═══ Records supplied

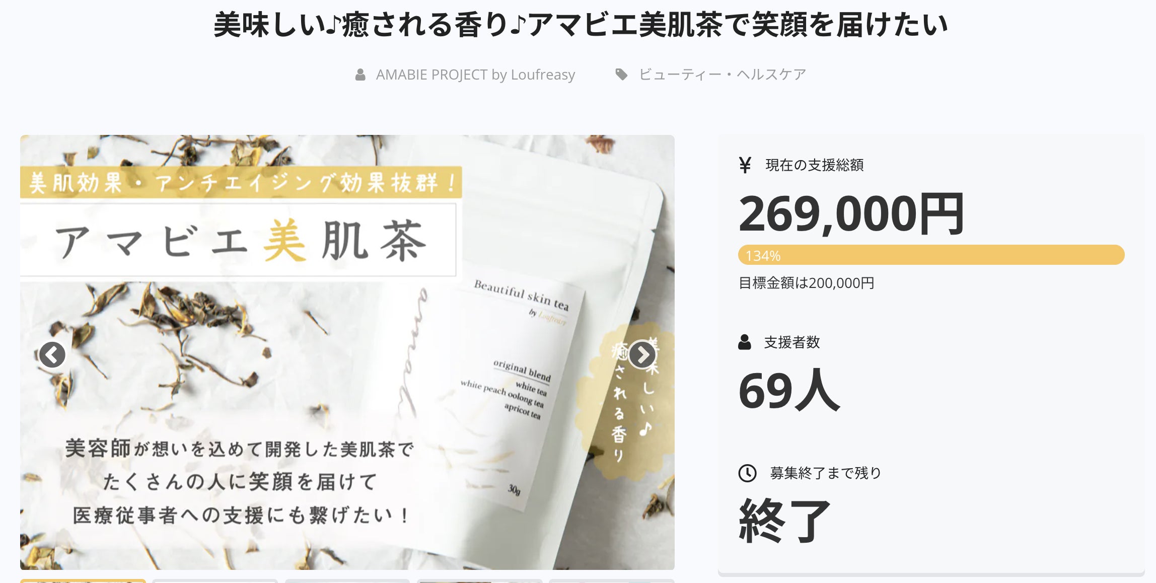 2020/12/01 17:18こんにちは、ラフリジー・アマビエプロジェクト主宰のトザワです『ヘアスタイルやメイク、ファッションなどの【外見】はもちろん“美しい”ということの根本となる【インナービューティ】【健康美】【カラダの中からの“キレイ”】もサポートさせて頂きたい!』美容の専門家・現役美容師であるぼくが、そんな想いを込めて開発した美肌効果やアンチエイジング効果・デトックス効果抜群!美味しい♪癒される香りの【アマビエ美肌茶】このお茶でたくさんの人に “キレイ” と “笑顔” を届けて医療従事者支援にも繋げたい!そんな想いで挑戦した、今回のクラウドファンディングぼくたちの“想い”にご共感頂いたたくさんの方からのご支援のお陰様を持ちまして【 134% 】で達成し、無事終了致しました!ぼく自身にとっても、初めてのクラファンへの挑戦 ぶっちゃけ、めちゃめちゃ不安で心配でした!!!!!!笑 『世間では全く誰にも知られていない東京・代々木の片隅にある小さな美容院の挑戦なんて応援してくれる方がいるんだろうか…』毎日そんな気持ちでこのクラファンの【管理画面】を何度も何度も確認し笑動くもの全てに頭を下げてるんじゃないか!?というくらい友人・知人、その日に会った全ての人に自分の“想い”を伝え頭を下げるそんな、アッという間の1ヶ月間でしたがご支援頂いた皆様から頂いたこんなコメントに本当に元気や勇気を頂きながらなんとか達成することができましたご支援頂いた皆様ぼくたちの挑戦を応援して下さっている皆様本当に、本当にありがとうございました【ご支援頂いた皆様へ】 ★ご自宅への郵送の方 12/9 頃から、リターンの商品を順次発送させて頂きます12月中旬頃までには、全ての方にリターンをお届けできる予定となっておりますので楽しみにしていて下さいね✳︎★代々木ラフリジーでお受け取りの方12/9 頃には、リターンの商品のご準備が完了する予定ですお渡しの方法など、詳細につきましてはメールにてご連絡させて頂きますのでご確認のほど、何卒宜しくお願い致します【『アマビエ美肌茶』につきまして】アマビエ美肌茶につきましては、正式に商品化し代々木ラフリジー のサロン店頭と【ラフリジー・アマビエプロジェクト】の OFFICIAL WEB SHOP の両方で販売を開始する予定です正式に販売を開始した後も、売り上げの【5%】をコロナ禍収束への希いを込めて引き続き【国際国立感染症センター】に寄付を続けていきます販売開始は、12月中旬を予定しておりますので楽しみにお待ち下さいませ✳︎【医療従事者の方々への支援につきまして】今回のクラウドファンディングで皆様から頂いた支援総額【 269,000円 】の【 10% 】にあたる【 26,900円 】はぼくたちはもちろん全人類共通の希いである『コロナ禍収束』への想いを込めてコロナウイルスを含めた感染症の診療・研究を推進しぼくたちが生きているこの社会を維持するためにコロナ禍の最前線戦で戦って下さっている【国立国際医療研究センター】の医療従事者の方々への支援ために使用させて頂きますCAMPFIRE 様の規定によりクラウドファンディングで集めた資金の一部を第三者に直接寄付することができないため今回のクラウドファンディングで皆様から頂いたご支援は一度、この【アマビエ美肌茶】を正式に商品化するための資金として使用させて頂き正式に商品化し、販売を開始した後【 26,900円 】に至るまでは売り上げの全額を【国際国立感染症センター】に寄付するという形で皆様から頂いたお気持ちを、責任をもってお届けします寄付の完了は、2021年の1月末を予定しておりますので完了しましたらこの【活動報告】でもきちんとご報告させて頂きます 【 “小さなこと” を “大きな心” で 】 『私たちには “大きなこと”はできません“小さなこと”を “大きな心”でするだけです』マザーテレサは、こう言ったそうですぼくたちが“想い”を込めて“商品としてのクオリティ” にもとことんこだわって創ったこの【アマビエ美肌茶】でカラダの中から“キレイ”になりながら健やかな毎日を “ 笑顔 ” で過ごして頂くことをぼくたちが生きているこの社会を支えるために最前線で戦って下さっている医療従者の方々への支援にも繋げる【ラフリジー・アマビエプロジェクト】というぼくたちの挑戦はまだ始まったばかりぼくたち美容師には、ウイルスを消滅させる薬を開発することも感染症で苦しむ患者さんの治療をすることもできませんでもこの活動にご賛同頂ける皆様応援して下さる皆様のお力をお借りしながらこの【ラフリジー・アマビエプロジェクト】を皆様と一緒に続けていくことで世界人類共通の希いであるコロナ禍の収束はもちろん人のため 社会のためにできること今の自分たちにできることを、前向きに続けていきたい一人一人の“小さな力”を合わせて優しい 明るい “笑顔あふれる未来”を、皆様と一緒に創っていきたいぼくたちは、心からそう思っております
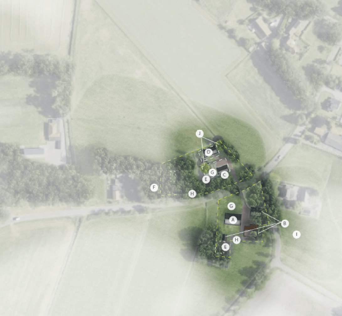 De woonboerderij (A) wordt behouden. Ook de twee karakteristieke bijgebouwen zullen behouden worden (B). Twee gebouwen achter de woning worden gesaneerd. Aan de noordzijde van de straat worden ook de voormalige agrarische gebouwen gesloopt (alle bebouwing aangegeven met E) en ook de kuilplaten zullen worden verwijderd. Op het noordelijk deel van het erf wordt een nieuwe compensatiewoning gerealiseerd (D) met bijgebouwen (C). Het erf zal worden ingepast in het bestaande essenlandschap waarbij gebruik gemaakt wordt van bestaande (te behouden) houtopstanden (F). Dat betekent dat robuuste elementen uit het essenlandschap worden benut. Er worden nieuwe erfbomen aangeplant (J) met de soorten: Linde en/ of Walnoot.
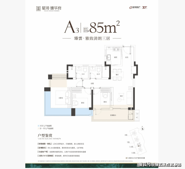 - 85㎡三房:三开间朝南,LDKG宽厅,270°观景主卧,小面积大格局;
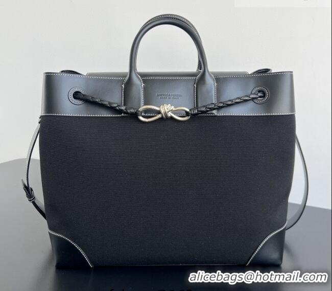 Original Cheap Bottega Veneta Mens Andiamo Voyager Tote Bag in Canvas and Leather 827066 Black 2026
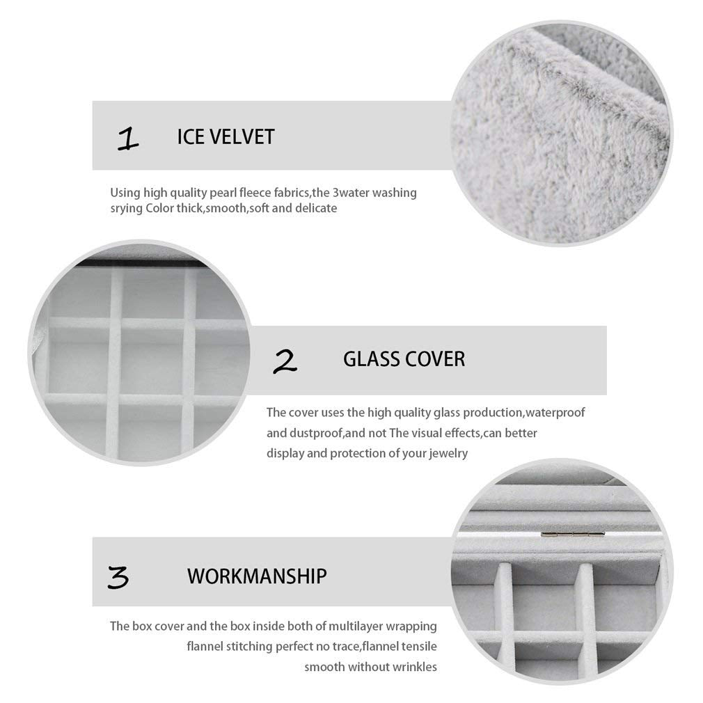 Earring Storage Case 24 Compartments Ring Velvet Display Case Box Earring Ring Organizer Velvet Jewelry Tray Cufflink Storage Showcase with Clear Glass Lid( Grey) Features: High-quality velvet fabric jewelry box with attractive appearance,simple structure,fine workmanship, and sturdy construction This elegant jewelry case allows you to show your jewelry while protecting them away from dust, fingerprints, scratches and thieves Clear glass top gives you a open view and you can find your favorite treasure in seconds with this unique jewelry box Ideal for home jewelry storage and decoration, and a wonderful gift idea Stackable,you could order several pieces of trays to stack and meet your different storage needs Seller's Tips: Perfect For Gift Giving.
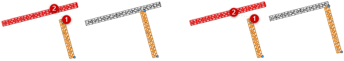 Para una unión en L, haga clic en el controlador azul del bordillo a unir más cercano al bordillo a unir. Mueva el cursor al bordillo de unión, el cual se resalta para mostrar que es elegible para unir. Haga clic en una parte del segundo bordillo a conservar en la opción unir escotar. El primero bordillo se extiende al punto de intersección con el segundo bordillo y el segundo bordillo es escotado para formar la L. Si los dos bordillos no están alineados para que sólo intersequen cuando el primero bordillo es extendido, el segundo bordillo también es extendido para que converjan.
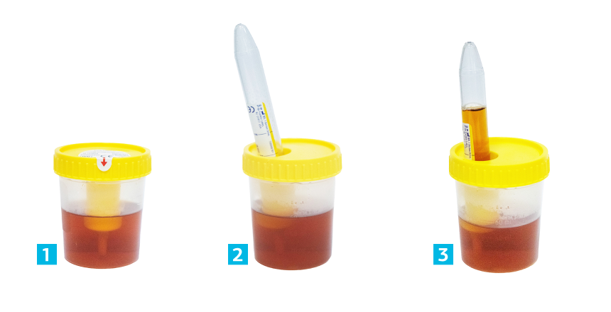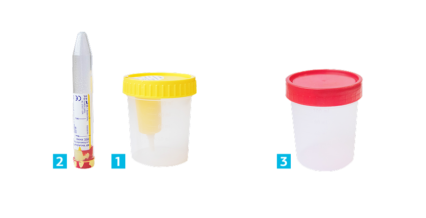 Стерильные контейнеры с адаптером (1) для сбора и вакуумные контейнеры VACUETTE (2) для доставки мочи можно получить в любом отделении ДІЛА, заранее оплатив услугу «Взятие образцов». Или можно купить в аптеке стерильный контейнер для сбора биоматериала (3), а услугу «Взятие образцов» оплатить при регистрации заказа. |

══════
═══ Records supplied

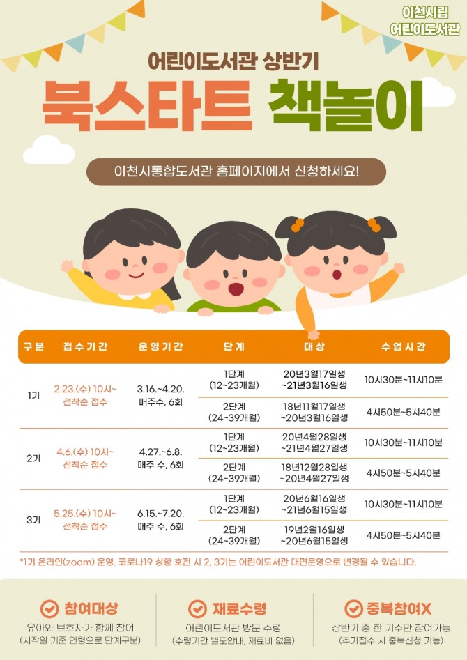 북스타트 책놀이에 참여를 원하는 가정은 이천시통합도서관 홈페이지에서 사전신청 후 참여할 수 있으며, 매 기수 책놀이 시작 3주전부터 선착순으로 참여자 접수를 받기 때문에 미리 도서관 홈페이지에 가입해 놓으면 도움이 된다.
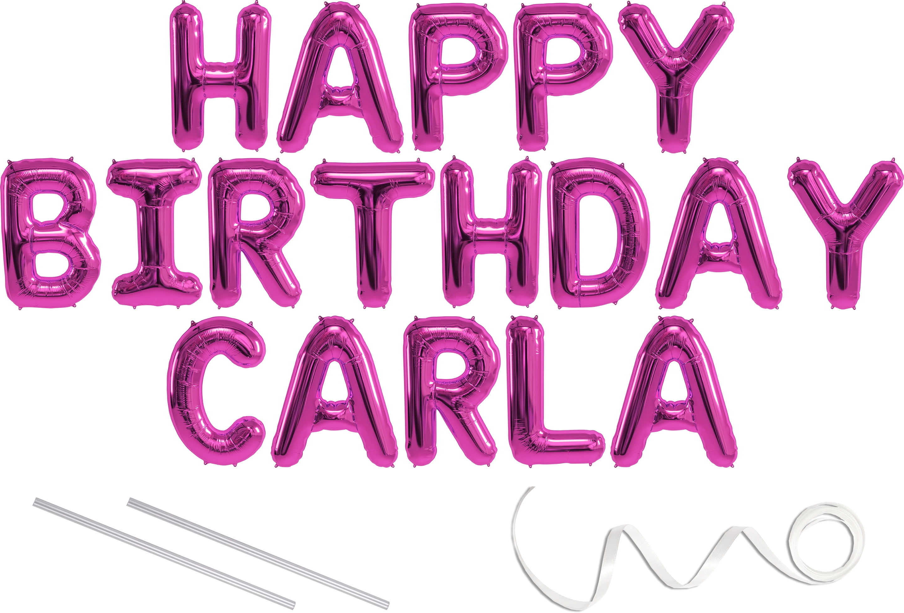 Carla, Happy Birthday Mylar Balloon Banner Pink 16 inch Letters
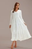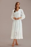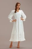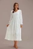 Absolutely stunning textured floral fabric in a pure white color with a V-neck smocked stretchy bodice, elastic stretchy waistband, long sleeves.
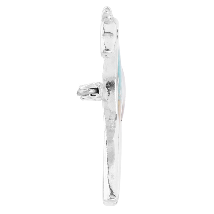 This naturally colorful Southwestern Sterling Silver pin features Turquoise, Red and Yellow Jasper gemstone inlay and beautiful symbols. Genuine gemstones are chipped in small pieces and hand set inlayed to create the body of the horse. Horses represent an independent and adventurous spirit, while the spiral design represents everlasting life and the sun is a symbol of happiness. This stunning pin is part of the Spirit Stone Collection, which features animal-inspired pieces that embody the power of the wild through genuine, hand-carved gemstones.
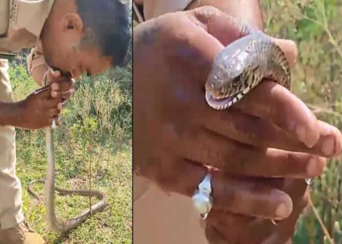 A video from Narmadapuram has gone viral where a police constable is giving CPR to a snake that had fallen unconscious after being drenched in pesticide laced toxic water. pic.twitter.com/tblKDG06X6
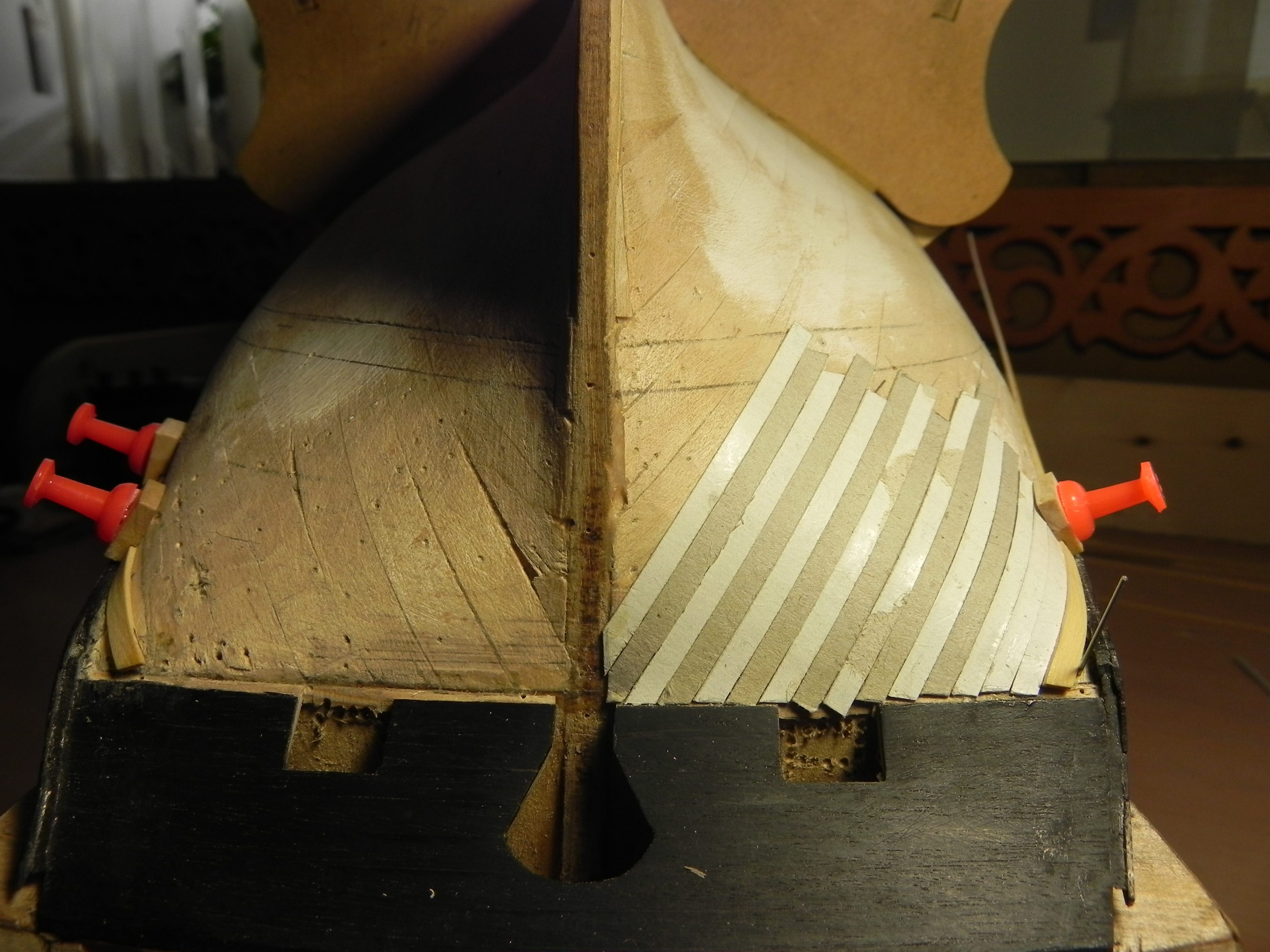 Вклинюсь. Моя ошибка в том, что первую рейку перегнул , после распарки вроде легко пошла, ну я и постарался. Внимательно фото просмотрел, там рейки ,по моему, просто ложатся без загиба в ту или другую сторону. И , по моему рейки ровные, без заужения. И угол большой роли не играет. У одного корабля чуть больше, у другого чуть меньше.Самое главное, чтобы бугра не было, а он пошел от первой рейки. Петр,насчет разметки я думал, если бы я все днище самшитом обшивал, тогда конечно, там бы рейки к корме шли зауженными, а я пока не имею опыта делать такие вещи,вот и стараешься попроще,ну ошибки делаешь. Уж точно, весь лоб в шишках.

══════
═══ Records supplied

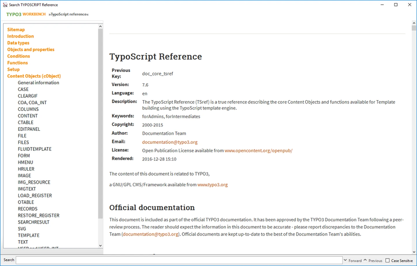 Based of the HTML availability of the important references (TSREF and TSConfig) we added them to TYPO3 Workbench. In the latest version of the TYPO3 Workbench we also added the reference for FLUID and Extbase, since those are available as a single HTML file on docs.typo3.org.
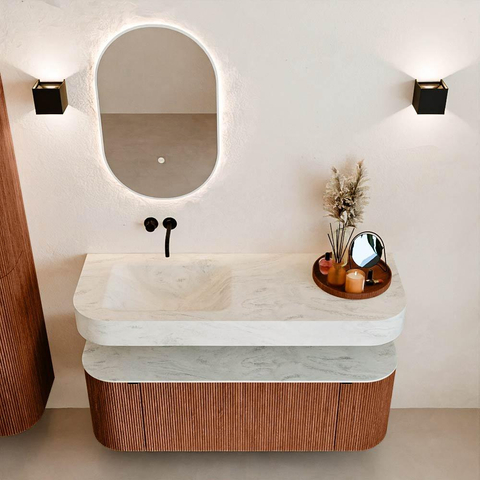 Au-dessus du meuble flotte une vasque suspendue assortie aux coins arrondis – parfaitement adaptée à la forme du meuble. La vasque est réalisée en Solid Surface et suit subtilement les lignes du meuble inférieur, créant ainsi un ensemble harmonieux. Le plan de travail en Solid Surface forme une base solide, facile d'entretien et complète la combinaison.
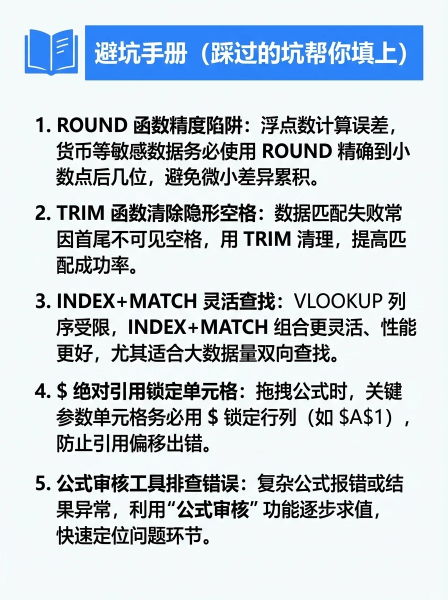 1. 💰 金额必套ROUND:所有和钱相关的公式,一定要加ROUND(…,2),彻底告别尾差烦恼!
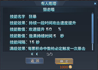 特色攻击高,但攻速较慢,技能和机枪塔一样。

══════

Pictures aside, print exactly the lines above starting with the one containing "This naturally colorful" and going on through the one containing "A video from".

» **Response box**:
 This naturally colorful Southwestern Sterling Silver pin features Turquoise, Red and Yellow Jasper gemstone inlay and beautiful symbols. Genuine gemstones are chipped in small pieces and hand set inlayed to create the body of the horse. Horses represent an independent and adventurous spirit, while the spiral design represents everlasting life and the sun is a symbol of happiness. This stunning pin is part of the Spirit Stone Collection, which features animal-inspired pieces that embody the power of the wild through genuine, hand-carved gemstones.
 A video from Narmadapuram has gone viral where a police constable is giving CPR to a snake that had fallen unconscious after being drenched in pesticide laced toxic water. pic.twitter.com/tblKDG06X6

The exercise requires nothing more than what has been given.